Although the Oilers have struggled to tame the Wild in recent games, the home side does have a positive 15-13-2 record vs. Minnesota all-time at Rexall Place. The Oilers lost all three on Oil Country ice last season, but do have some extra motivation in protecting their home rink.
"They're a team that seems to have had our number, last year especially," Eberle said. "Losing in the shootout (2-1 on Oct. 13) this year was a little bitter. Just the team in general, we feel so good about ourselves that we can do it every night and win hockey games, so that's what we expect to do this year.
"For some reason we just can't seem to get a win in their building. Here, it's a different story; this is our home building and we want to be a team that, when people come into our barn, they're worried about playing us here.
"I think for the most part we've done that pretty well.
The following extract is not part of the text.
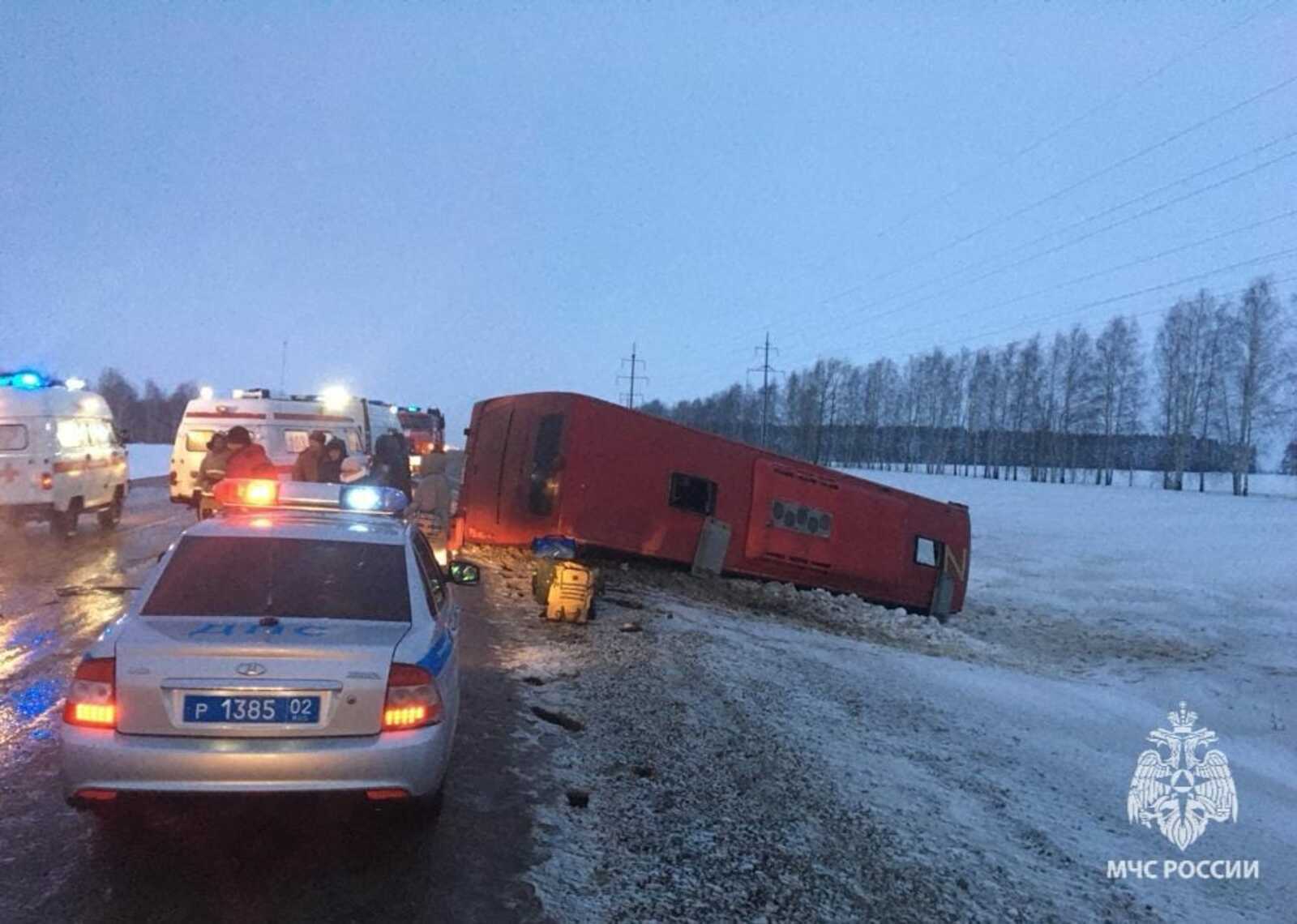 В пяти километрах от башкирского города Янаул на автодороге регионального значения «Янаул – Уфа» в кювет съехал и опрокинулся рейсовый пассажирский автобус «Скания». Автобус следовал в Уфу, он принадлежит «Башавтотрансу».

I think we're seen as a fast-moving, fast puck-moving team. In order to beat these guys, you've got to use your speed. In the past they've played with a little bit of a trap, but I think if we move the puck quick enough we can beat by it."
Oilers captain Shawn Horcoff did not skate this morning, but is expected to play tonight. In his pre-game media conference, Renney described it as a "maintenance morning."
Sam Gagner was skated hard again today and will be unavailable for tonight’s game:
"He's right there," Renney said. "He could probably go tonight, but I'm going to hold him out one more day, one more game."
Ryan Keller was recalled from the AHL’s Oklahoma City Barons today:
"We have some guys who are a little lame and have the flu, a little bit," Renney explained. "It's more of a precaution than anything else, making sure we've got ourselves covered.
As much as they'd like to, the Oilers can't turn a blind eye. It's impossible to ignore the team's struggle to manage the puck.
"We turned the puck over a ton in the second period [vs. Calgary]," Head Coach Tom Renney explained following Wednesday's practice.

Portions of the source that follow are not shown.